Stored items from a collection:
------------

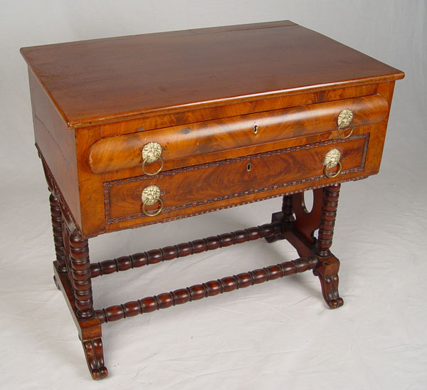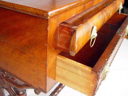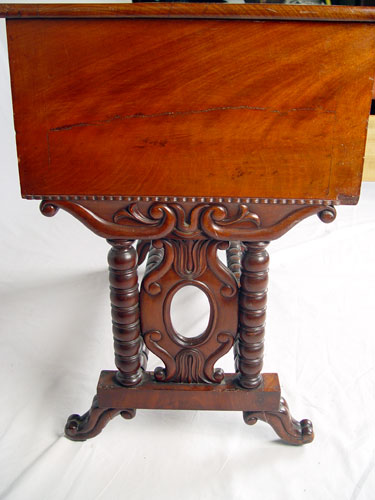 FLAME GRAIN MAHOGANY VICTORIAN WRITING TABLE: Two drawers with the upper having a leather top interior. Carved side panel legs joined by stretcher. 29'' high x 31'' wide x 19 3/4'' deep.
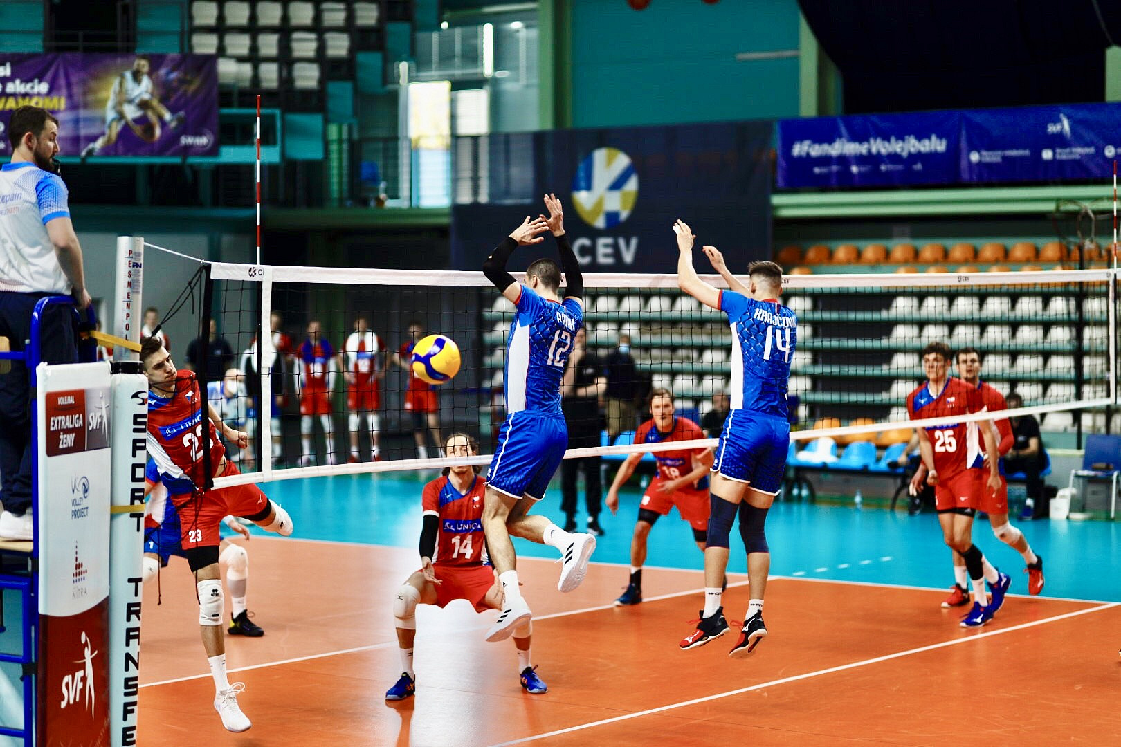 Začátek utkání nabídl vyrovnaný boj, oba týmy ztrátují po oboustranně dobrém příjmu, útočně se daří oběma univerzálům Indra/Michalovič. Zmiňovaný Indra srovnává na 11:11 esem. Po bloku Ondroviče na Michálka jdou domácí do vedení 13:11. Záhy náš tým srovnává dalším esem Adama Bartoše. I v dalším průběhu si Slováci udržují 1-2 bodový náskok, nám se nedaří vyrovnat. Až blok Špuláka srovnává skóre na 21:21, po dobré obraně se proti trojbloku prosazuje Michálek a za stavu 21:22 si domácí berou oddechový čas. Indra je při chuti, udržujeme jednobodový náskok, jeho protějšek na postu univerzála Michalovič útočí do autu, 21:23. První setbol proměňuje blokem pozorný Špulák po výborném podání Janoucha.
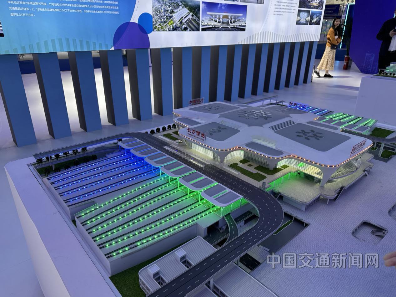 展區(qū)另一側(cè),長(zhǎng)沙西站綜合交通樞紐(簡(jiǎn)稱“長(zhǎng)沙西站”)的模型吸引了不少人駐足。長(zhǎng)沙西站位于湖南湘江新區(qū),總建筑面積約49萬(wàn)平方米,車站規(guī)模12臺(tái)22線,是國(guó)家“八縱八橫”鐵路網(wǎng)“渝長(zhǎng)廈”高速鐵路大通道的重要節(jié)點(diǎn),也是長(zhǎng)株潭地區(qū)交通樞紐“三主五輔”主要客站。
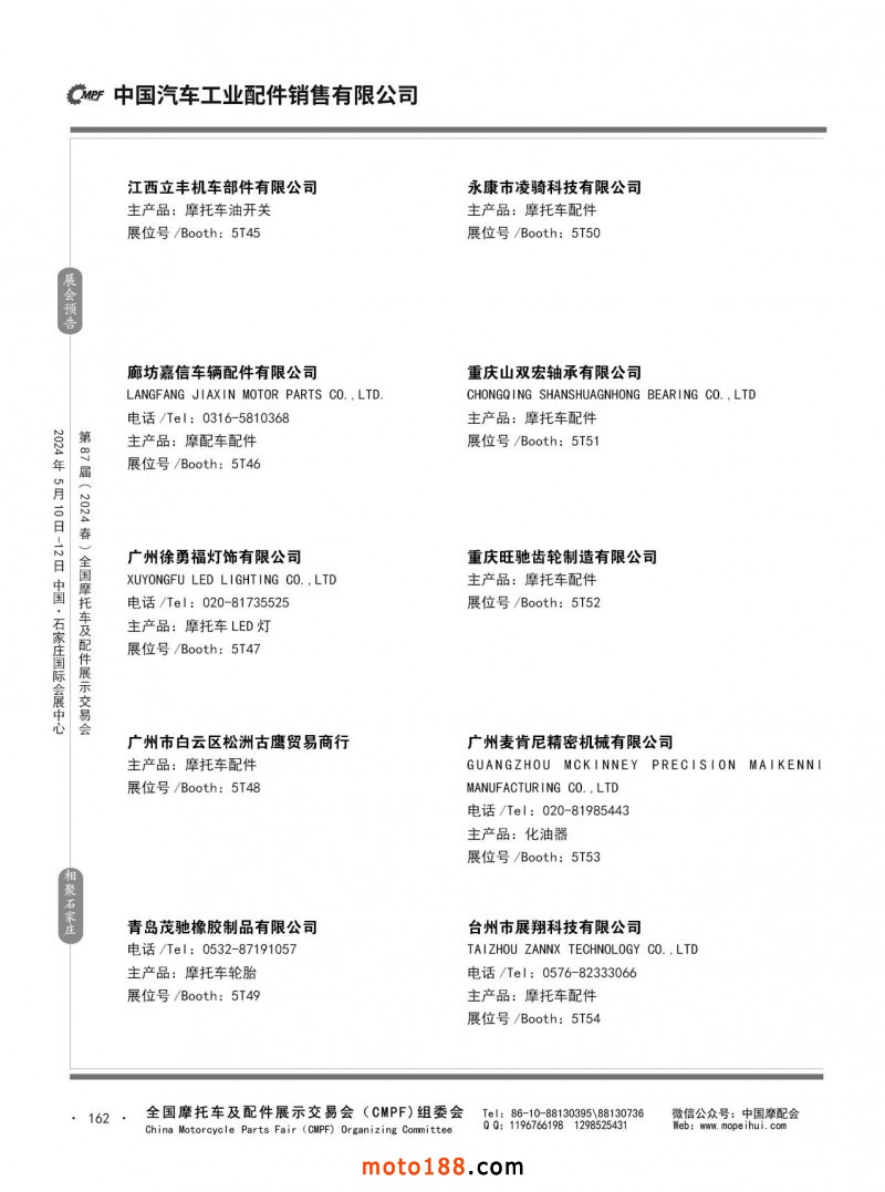 第86屆(2023秋)全國(guó)摩托車及配件展示交易會(huì)-廣州站參展企業(yè)信息
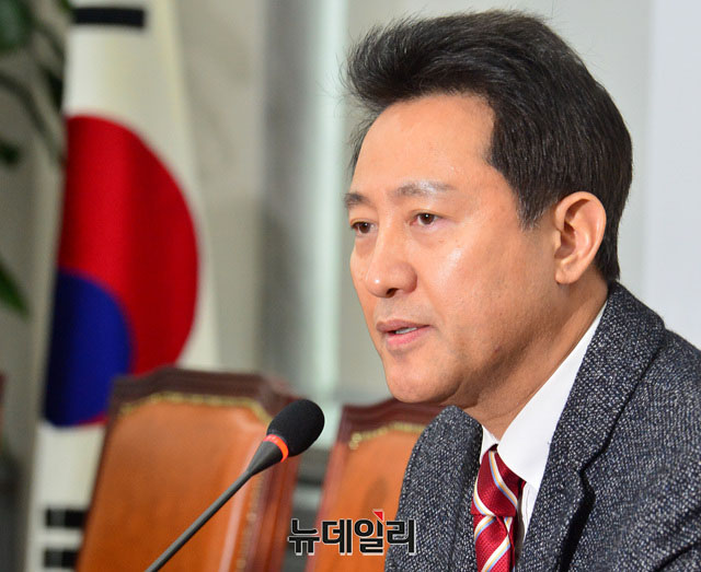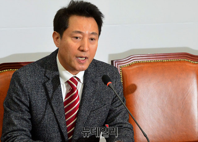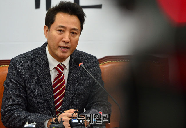 오세훈 전 서울시장이 12일 오전 국회에서 오는 27일에 있는 자유한국당 전당대회 당 대표 출마관련 기자회견을 하고 있다.
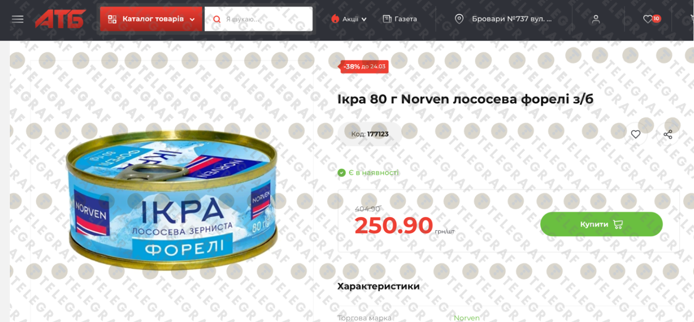 Речь идет об икре лососевой форели от известного бренда Norven (жестяная банка, 80 г). "Телеграф" расскажет поподробнее.

------------

Set the entries down again exactly. Do not include the images.

> **RESULT OF THE EXERCISE**:
 FLAME GRAIN MAHOGANY VICTORIAN WRITING TABLE: Two drawers with the upper having a leather top interior. Carved side panel legs joined by stretcher. 29'' high x 31'' wide x 19 3/4'' deep.
 Začátek utkání nabídl vyrovnaný boj, oba týmy ztrátují po oboustranně dobrém příjmu, útočně se daří oběma univerzálům Indra/Michalovič. Zmiňovaný Indra srovnává na 11:11 esem. Po bloku Ondroviče na Michálka jdou domácí do vedení 13:11. Záhy náš tým srovnává dalším esem Adama Bartoše. I v dalším průběhu si Slováci udržují 1-2 bodový náskok, nám se nedaří vyrovnat. Až blok Špuláka srovnává skóre na 21:21, po dobré obraně se proti trojbloku prosazuje Michálek a za stavu 21:22 si domácí berou oddechový čas. Indra je při chuti, udržujeme jednobodový náskok, jeho protějšek na postu univerzála Michalovič útočí do autu, 21:23. První setbol proměňuje blokem pozorný Špulák po výborném podání Janoucha.
 展區(qū)另一側(cè),長(zhǎng)沙西站綜合交通樞紐(簡(jiǎn)稱“長(zhǎng)沙西站”)的模型吸引了不少人駐足。長(zhǎng)沙西站位于湖南湘江新區(qū),總建筑面積約49萬(wàn)平方米,車站規(guī)模12臺(tái)22線,是國(guó)家“八縱八橫”鐵路網(wǎng)“渝長(zhǎng)廈”高速鐵路大通道的重要節(jié)點(diǎn),也是長(zhǎng)株潭地區(qū)交通樞紐“三主五輔”主要客站。
 第86屆(2023秋)全國(guó)摩托車及配件展示交易會(huì)-廣州站參展企業(yè)信息
 오세훈 전 서울시장이 12일 오전 국회에서 오는 27일에 있는 자유한국당 전당대회 당 대표 출마관련 기자회견을 하고 있다.
 Речь идет об икре лососевой форели от известного бренда Norven (жестяная банка, 80 г). "Телеграф" расскажет поподробнее.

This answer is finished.